# Killies Import > Non-Killie Segment >  *non killie* Possible new Dario sp. from Bangladesh

## Nonn

I went to Bangladesh on business trip but managed to find sometime out collecting and came back with this fish. Isn't he cute? This little guy look like an intermediete species between the Dario dario of India and Dario hysginon of Mynmar, neat fish eh?



Well...I don't know how to make picture appear in this page.

----------


## ruyle

> Well...I don't know how to make picture appear in this page.


No problem, Nonn, I have this problem, too!  :Laughing:  

This fish is a real looker! Hope you have these available when I move to
Thailand!

Regards,

Bill Ruyle
farang9[/img]

----------


## shortman

Hi Nonn and Farang9,

I have corrected Nonn message by adding the [img] http://...... [/img] before and after the http url. Same as what Farang9 have did it.

Bregds

----------


## stormhawk

Nonn, that's a really neat little fish. It certainly isn't as colourful as _Dario dario_, but its still a nice fish. Hopefully you'll start a captive breeding project with this new fish. You might just get another species named after you.

_Dario panitvongi_ :wink:

----------


## stormhawk

On 2nd thought, the male has a small black blotch on the front part of the dorsal fin, could it be that this is the Dario from China? _Dario dayingensis_

----------


## Nonn

stormhawk:

The locality of the_ Dario dayingensis_ is very far away from where I find this one and in different river drainage. It is less likely to be the Chinese species although I have to admit this is the one I have less information. I do have preserved specimen of both D. dario and D. hysginon but not the D. dayingensis. 
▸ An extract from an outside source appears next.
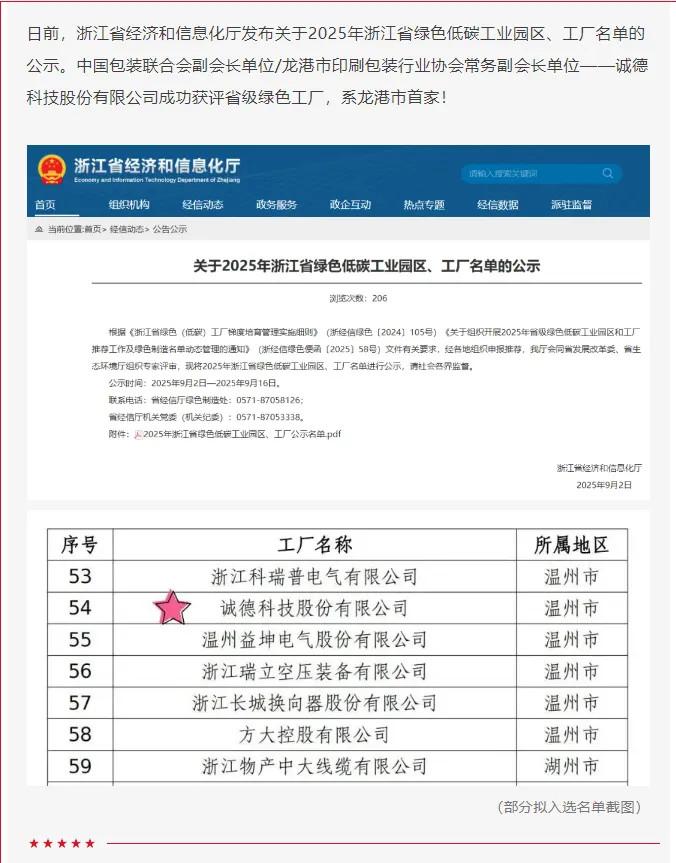 Recently, the Zhejiang Provincial Department of Economy and Information Technology announced the list of provincial-level green and low-carbon industrial parks and factories for 2025. Chengde Technology Co., Ltd.—a vice president unit of the China Packaging Federation and standing vice president unit of the Longgang Printing and Packaging Industry Association—was successfully recognized as a provincial-level green factory, making it the first in Longgang City!

I already have one Schistura name after me (paper coming out soon) and it is a Thai species. This Dario will be name something else. I don't want too many panitvongi around. Don't you get bored when you see too many exel**** or bleh***  :Very Happy:  If any I might be the co-author of the the species. 

Well....let me be sure before I dream any further.... 

Farang:
I arrived home from Bangladesh on Thursday. Yesterday, I found some eggs scattered on the tank floor so I've already remove them. If the eggs are fertile, I will get to see the fry in a few day.  :Very Happy:

----------


## Nonn

Here is the picture of the Dario hysginon, you will notice that it has somewhat longer body shape and lack the white bar on the dorsal fin


Here is the picture of the Dario dario, they are differed well enough that I don't need to explain, I guess. 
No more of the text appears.